Another point is that since I've used single letter identifier names it is possible for a random identifier mutation in Haskell to not cause a build failure but still cause a bug. Take for instance a function that takes two Int parameters x and y. If y was mutated to x, the program would still compile, but it would cause a bug. My set of highlighted fragile characters above does not take this into account because it's trivially avoidable by using longer identifier names. Maybe this is an argument against one letter identifier names, something that Haskell gets criticism for.

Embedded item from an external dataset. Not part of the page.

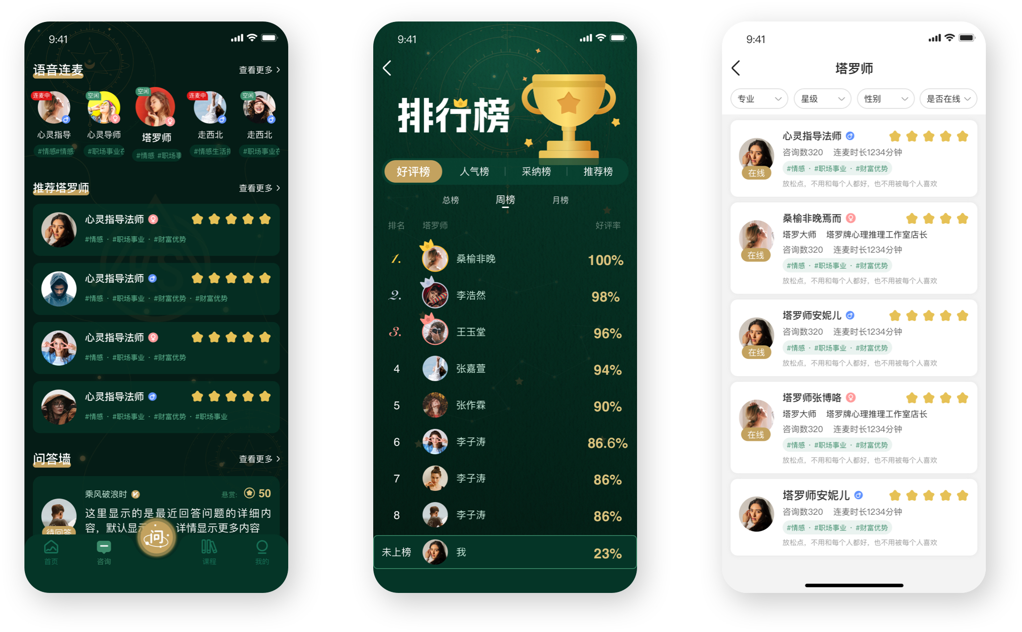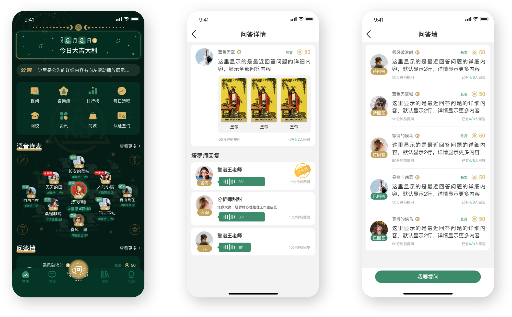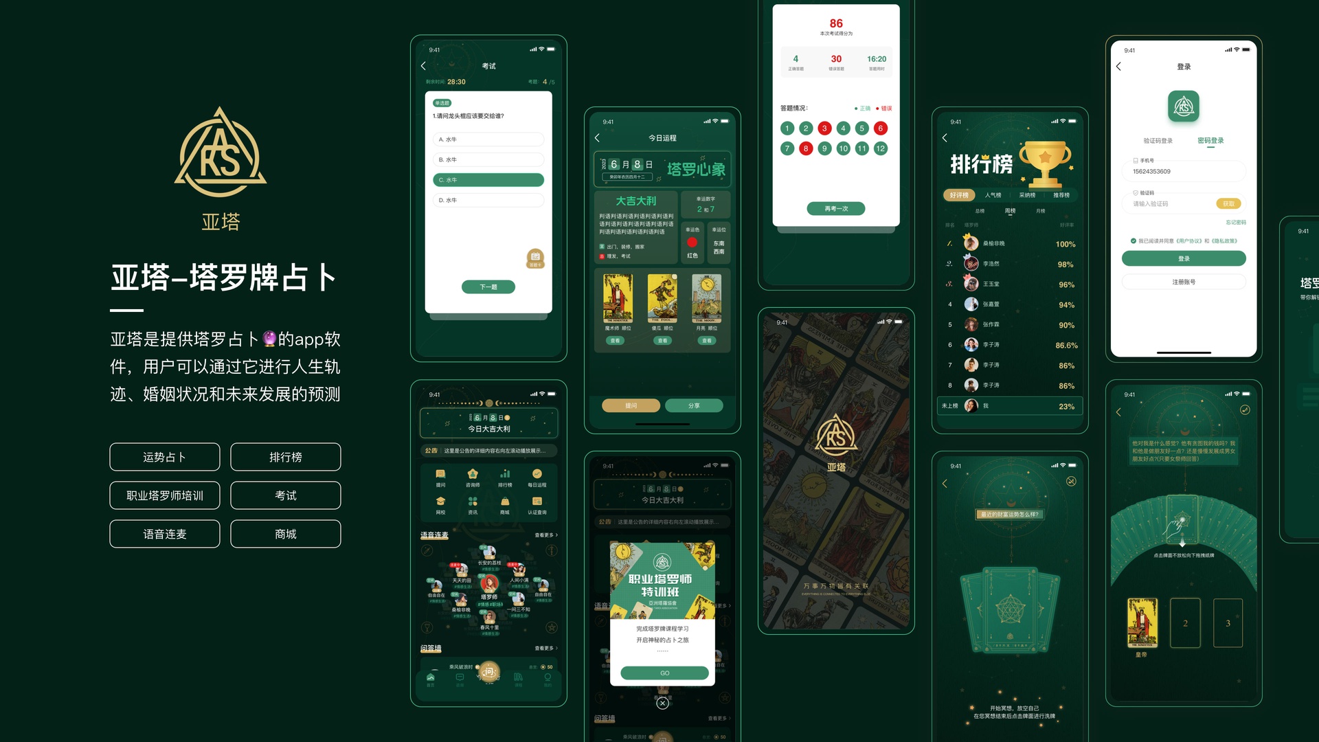 亞塔是提供塔羅占卜的app軟件,用戶可以通過(guò)它進(jìn)行人生軌跡、婚姻狀況和未來(lái)發(fā)展的預(yù)測(cè)占卜,主要功能包括運(yùn)勢(shì)占卜、職業(yè)塔羅師的培訓(xùn)、語(yǔ)音連麥、排行榜、塔羅師考試、商城等功能模塊。

Here's the snippet of Haskell code I was talking about in the above reddit comment that got me thinking about all this in the first place:

// Fragility 31 / 277 = 0.11
data MetadataInfo = MetadataInfo
    { title       :: Text
    , description :: Text

pageMetadataWidget :: MonadWidget t m => Dynamic t MetadataInfo -> m ()
pageMetadataWidget i = do
    el "title" $ dynText $ title <$> i
    elDynAttr "meta" (mkDescAttrs . description <$> i) blank
    mkDescAttrs desc =
      "name" =: "description" <>
      "content" =: desc

In this snippet, the fragility number is probably close to 31 characters--the number of characters in string literals. This is out of a total of 277 non-whitespace characters, so the software fragility number for this bit of code is 11%. This half the fragility of the JS code we saw above! And as I've pointed out, larger real world JS examples are likely to have even higher fragility. I'm not sure how much we can conclude about the actual ratios of these fragility numbers, but at the very least it matches my experience that JS programs are significantly more buggy than Haskell programs.

The TDD people are probably thinking that my JS examples aren't very realistic because none of them have tests, and that tests would catch most of the identifier name mutations, bringing the fragility down closer to Haskell territory. It is true that tests will probably catch some of these things. But you have to write code to make that happen! It doesn't happen by default. Also, you need to take into account the fact that the tests themselves will have some fragility. Tests require time and effort to maintain. This is an area where this notion of the fragility number becomes less accurate. I suspect that since the metric only considers single character mutations it will underestimate the fragility of tests since mutating single characters in tests will automatically cause a build failure.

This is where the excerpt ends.